How is faith to endure, O God, when you allow all this scraping and tearing on us? You have allowed rivers of blood to flow, mountains of suffering to pile up, sobs to become humanity’s song–all without lifting a finger that we could see. You have allowed bonds of love beyond number to be painfully snapped. If you have not abandoned us, explain yourself.

Instead of explaining our suffering God shares it.

We strain to hear. But instead of hearing an answer we catch sight of God himself scraped and torn. Through our tears we see the tears of God.
~Nicholas Wolterstorff  in Lament for a Son

In a daring and beautiful creative reversal, 
God takes the worse we can do to Him
and turns it into the very best He can do for us.
~Malcolm Guite from The Word in the Wilderness

La Pietà of Michelangelo

Emmett Till’s mother
speaking over the radio

She tells in a comforting voice
what it was like to touch her dead boy’s face,

how she’d lingered and traced
the broken jaw, the crushed eyes —

the face that badly beaten, disfigured —
before confirming his identity.

And then she compares his face
to the face of Jesus, dying on the cross.
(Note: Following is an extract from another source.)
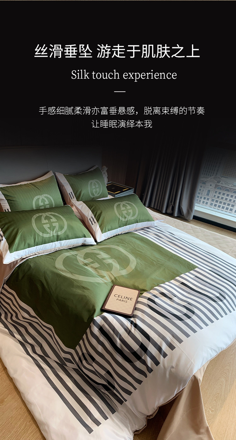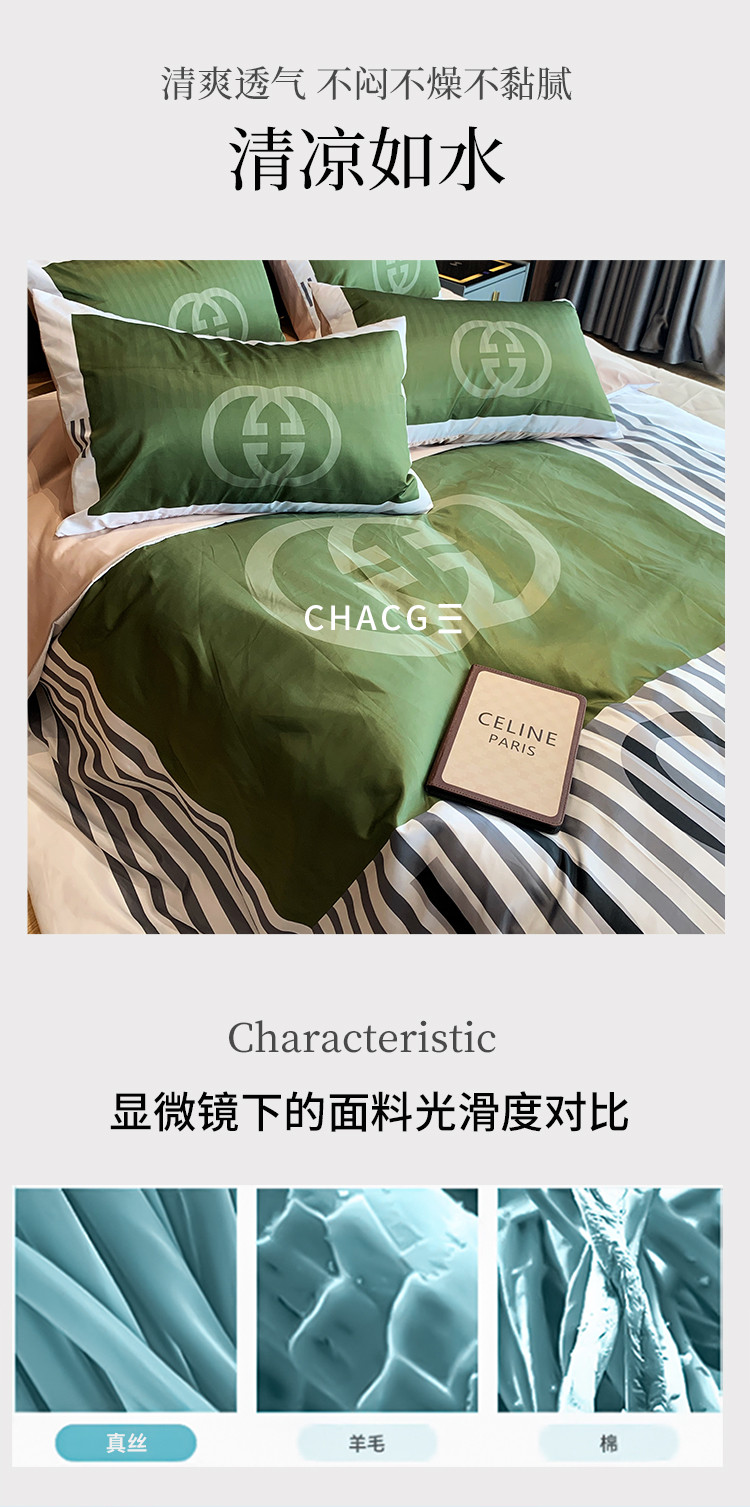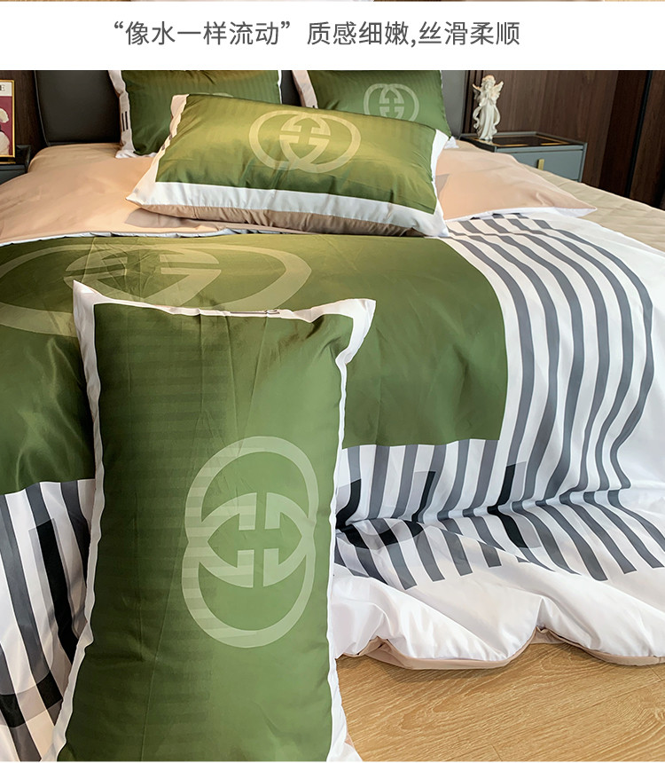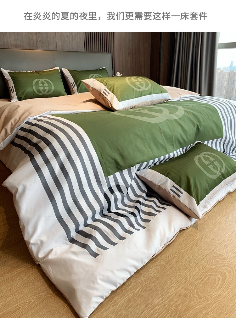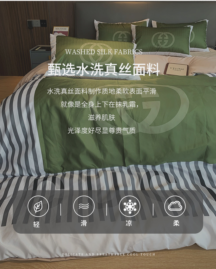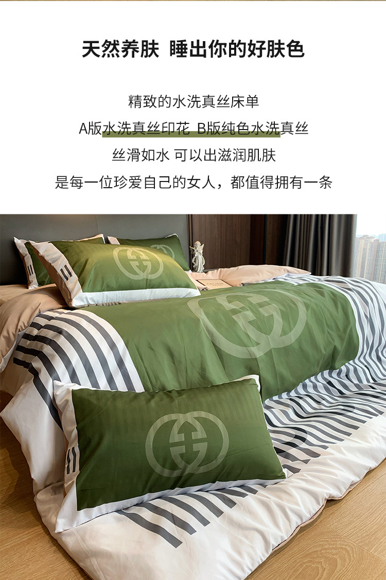 当前位置: 91家纺网 > 商品网购 > 床品套件 > 四件套 > 真丝四件套 > 色鬼布艺 2023新款水洗真丝大牌风四件套 绿色字母
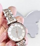 Emporio Armani阿玛尼 满天星镶钻 腕表 石英机芯 不锈钢表带 白色表盘 女表 潮流休闲时尚 DDD

This mother says, no, she’d not recognize
her Lord, for he was beaten far, far worse

than the son she loved with all her heart.
For, she said, she could still discern her son’s curved earlobe,

but the face of Christ
was beaten to death by the whole world.
~Richard Jones “The Face” from Between Midnight and Dawn

May we remember today – Good Friday – of all days,
the worst that can happen became the best that can happen.

We tussle and haggle over the price of what this cost us, but realizing He paid all for us makes an impossible loss possible.

We are paid in full, no longer debtors. 

From now on, we recognize His face even when He is beaten unrecognizable: the worst became the best because He loves us over all else.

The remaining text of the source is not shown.